(DATA SEGMENT):
+-------+

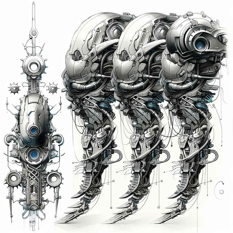 Biometric lines braid through a biomechanical silhouette, presenting a studied composition of nerve-like tubing, articulated plates, and interlocking gears rendered in black and grey. This biomechanical tattoo design fuses machine anatomy with body art, creating a spine-centered motif where a vertical column of plates and screws runs along an imagined anchor point on the back or arm. The three mirrored segments are sharpened by crisp linework and subtle negative space, giving the illusion of three-dimensional chrome interlocks pressing into living tissue. The overall aesthetic leans into cybernetic realism, with mechanically inspired anatomy that suggests function and form coexisting within organic tissue. Each element—gear, piston, rivet, and segmented armor—appears purposeful, designed to convey motion, resilience, and the tension between rigidity and flexibility. The black and grey shading is deliberate, delivering depth without color while preserving a sculptural, almost architectural quality, with highlights that mimic reflective metal surfaces. As a diagnostic-precision study, this AI-generated concept demonstrates how biomechanics can cross into high-contrast graphic art, merging dense line density with soft gradient shading to evoke metallic surfaces and cold light. This tattoo design speaks to fans of fine line tattoo and large-scale body art, offering a cohesive blueprint for sleeve concepts or standalone panels, ideal for ambitious collectors seeking a cohesive biomechanical narrative. The repeating motif emphasizes rhythm and symmetry, making the piece an intriguing study in pattern and repetition while remaining legible from a distance. In short, the composition is a bold exploration of machine-inspired anatomy, a visual dialogue between hardware and flesh, and a testament to how tattoo design can translate synthetic imagery into living skin through masterful technique, precise geometry, and deliberate storytelling.
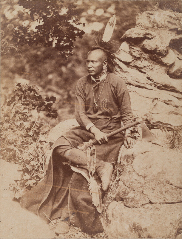 HILLERS, John K. (1843-1925), photographer. Photograph of an Osage warrior holding a tomahawk. Okmulgee, Indian Territory, 1875.
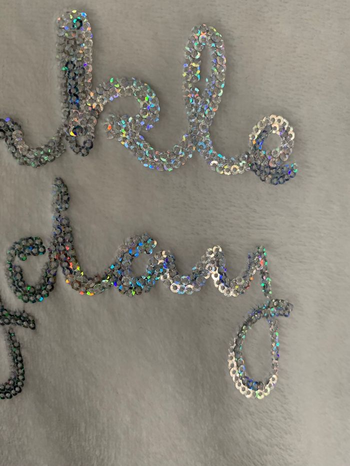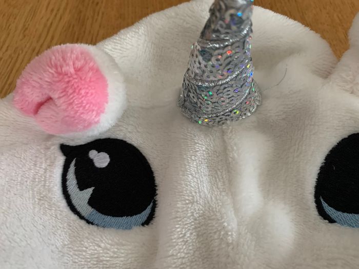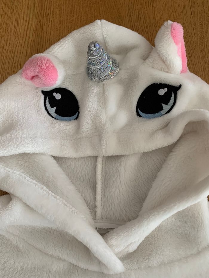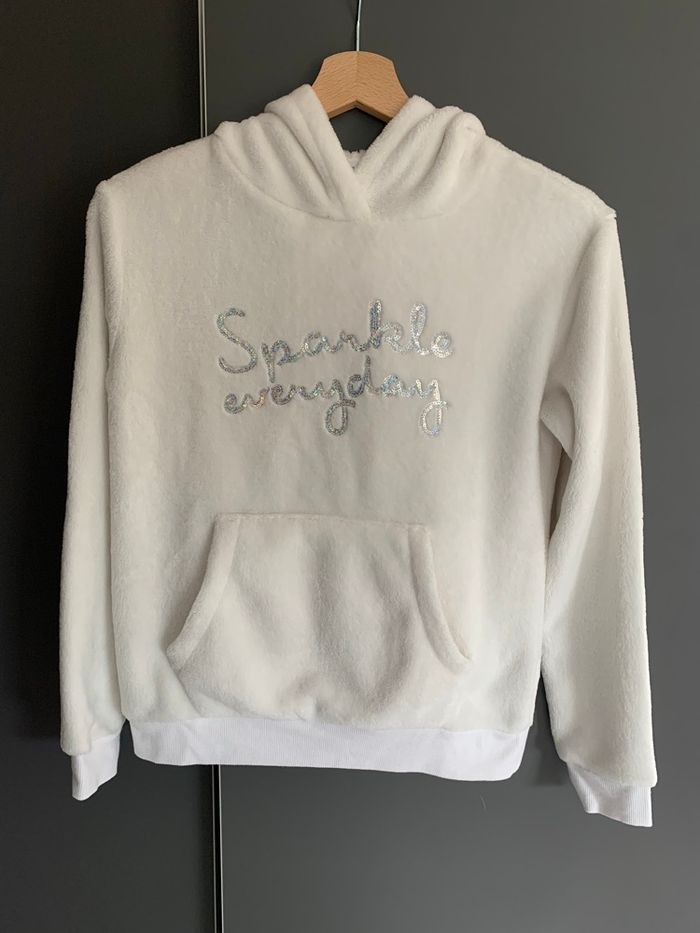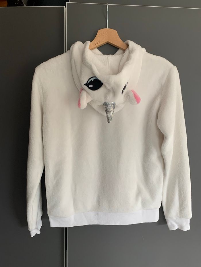 Sweat H&M avec capuche licorne tout doux et moelleux, poche kangourou, corne + inscription en sequins couleurs argenté, Taille 10-12 ans (146-152 cm), porté 1 fois, État proche du Neuf
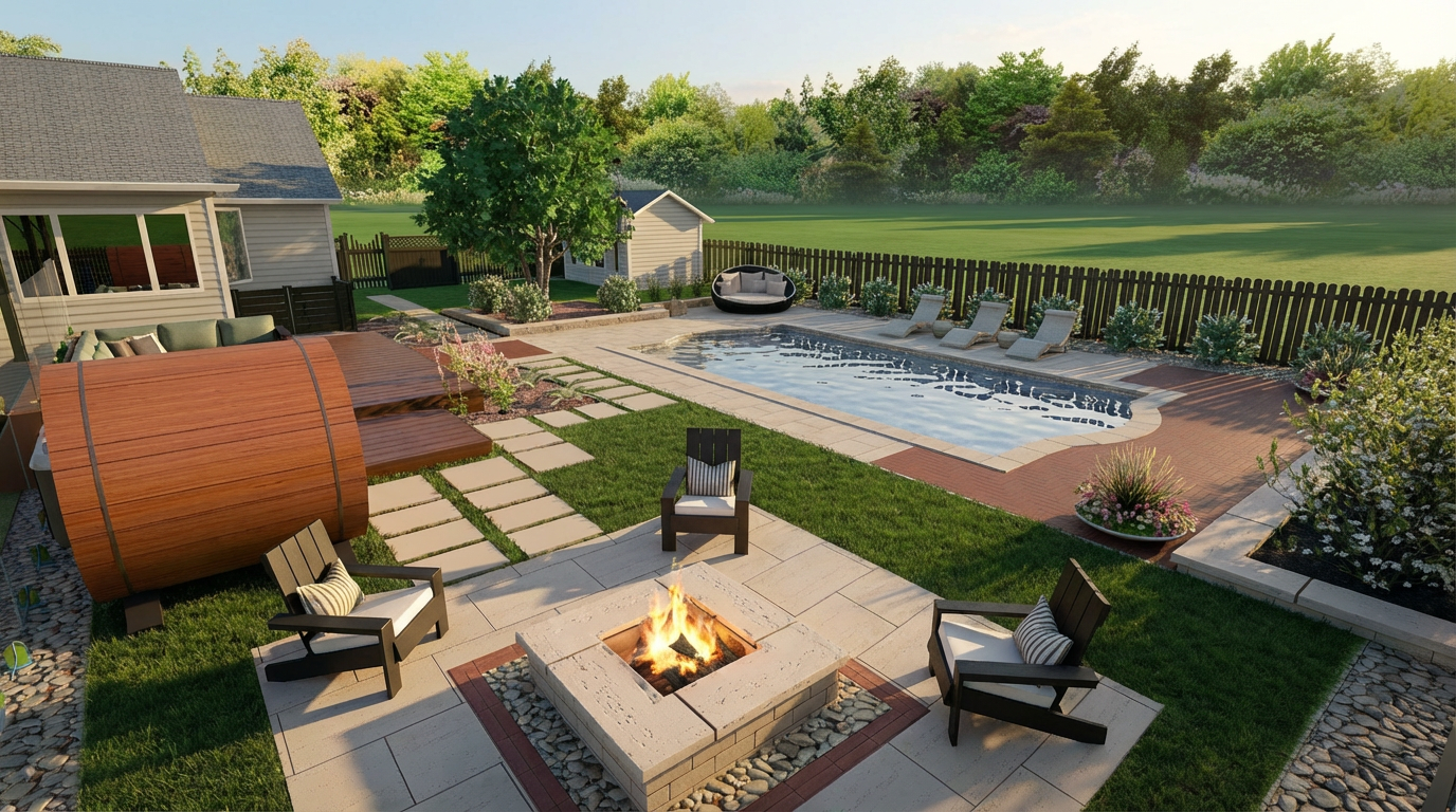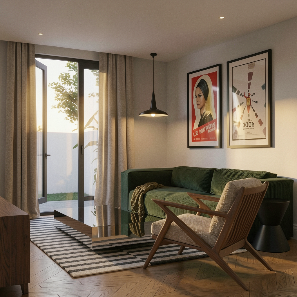editorial hyperrealistic interior living room scene based on the existing composition camera angle and warm sunset lighting maintain all original materials textures and atmosphere enhance the scene with subtle realistic lived in details while preserving the overall design integrity on the mirrored coffee table add a single ceramic coffee cup with carefully realistic proportions not oversized filled with coffee natural placement slightly off center editorial composition on the sofa only two cushions placed on the end closest to the pendant lamp one 50x50 cm cushion with desaturated burgundy and off white stripes one smaller plain cushion in the same off white tone placed in front of the striped one behind the sofa on the side closer to the window add a single woven basket with blankets inside the basket should only slightly emerge from behind the sofa partially visible it must not extend beyond the sofa edge just enough to suggest space between sofa and wall on the floor replace flooring with rectangular wooden planks in the same tone plank direction parallel to the window rug maintain the same design ikea stockholm style edges must be standard and subtle not thick or exaggerated exterior scene through the window maintain private garden white wall and tree add a clearly defined man outside visible from the back he is wearing red shorts and a white t shirt he is talking on the phone his figure must be sharp and well defined with readable posture and body details preserve hyperrealistic materiality corduroy sofa texture walnut wood grain beige upholstery curtain fabric glass reflections and lighting behavior cinematic poetic editorial interior photography style ultra realistic rendering soft depth of field subtle film grain natural imperfections

+-------+

(REQUIRED ACTION): Repeat the lines above precisely and skip every picture.

(SOLUTION TO THIS TASK):
 Biometric lines braid through a biomechanical silhouette, presenting a studied composition of nerve-like tubing, articulated plates, and interlocking gears rendered in black and grey. This biomechanical tattoo design fuses machine anatomy with body art, creating a spine-centered motif where a vertical column of plates and screws runs along an imagined anchor point on the back or arm. The three mirrored segments are sharpened by crisp linework and subtle negative space, giving the illusion of three-dimensional chrome interlocks pressing into living tissue. The overall aesthetic leans into cybernetic realism, with mechanically inspired anatomy that suggests function and form coexisting within organic tissue. Each element—gear, piston, rivet, and segmented armor—appears purposeful, designed to convey motion, resilience, and the tension between rigidity and flexibility. The black and grey shading is deliberate, delivering depth without color while preserving a sculptural, almost architectural quality, with highlights that mimic reflective metal surfaces. As a diagnostic-precision study, this AI-generated concept demonstrates how biomechanics can cross into high-contrast graphic art, merging dense line density with soft gradient shading to evoke metallic surfaces and cold light. This tattoo design speaks to fans of fine line tattoo and large-scale body art, offering a cohesive blueprint for sleeve concepts or standalone panels, ideal for ambitious collectors seeking a cohesive biomechanical narrative. The repeating motif emphasizes rhythm and symmetry, making the piece an intriguing study in pattern and repetition while remaining legible from a distance. In short, the composition is a bold exploration of machine-inspired anatomy, a visual dialogue between hardware and flesh, and a testament to how tattoo design can translate synthetic imagery into living skin through masterful technique, precise geometry, and deliberate storytelling.
 HILLERS, John K. (1843-1925), photographer. Photograph of an Osage warrior holding a tomahawk. Okmulgee, Indian Territory, 1875.
 Sweat H&M avec capuche licorne tout doux et moelleux, poche kangourou, corne + inscription en sequins couleurs argenté, Taille 10-12 ans (146-152 cm), porté 1 fois, État proche du Neuf
editorial hyperrealistic interior living room scene based on the existing composition camera angle and warm sunset lighting maintain all original materials textures and atmosphere enhance the scene with subtle realistic lived in details while preserving the overall design integrity on the mirrored coffee table add a single ceramic coffee cup with carefully realistic proportions not oversized filled with coffee natural placement slightly off center editorial composition on the sofa only two cushions placed on the end closest to the pendant lamp one 50x50 cm cushion with desaturated burgundy and off white stripes one smaller plain cushion in the same off white tone placed in front of the striped one behind the sofa on the side closer to the window add a single woven basket with blankets inside the basket should only slightly emerge from behind the sofa partially visible it must not extend beyond the sofa edge just enough to suggest space between sofa and wall on the floor replace flooring with rectangular wooden planks in the same tone plank direction parallel to the window rug maintain the same design ikea stockholm style edges must be standard and subtle not thick or exaggerated exterior scene through the window maintain private garden white wall and tree add a clearly defined man outside visible from the back he is wearing red shorts and a white t shirt he is talking on the phone his figure must be sharp and well defined with readable posture and body details preserve hyperrealistic materiality corduroy sofa texture walnut wood grain beige upholstery curtain fabric glass reflections and lighting behavior cinematic poetic editorial interior photography style ultra realistic rendering soft depth of field subtle film grain natural imperfections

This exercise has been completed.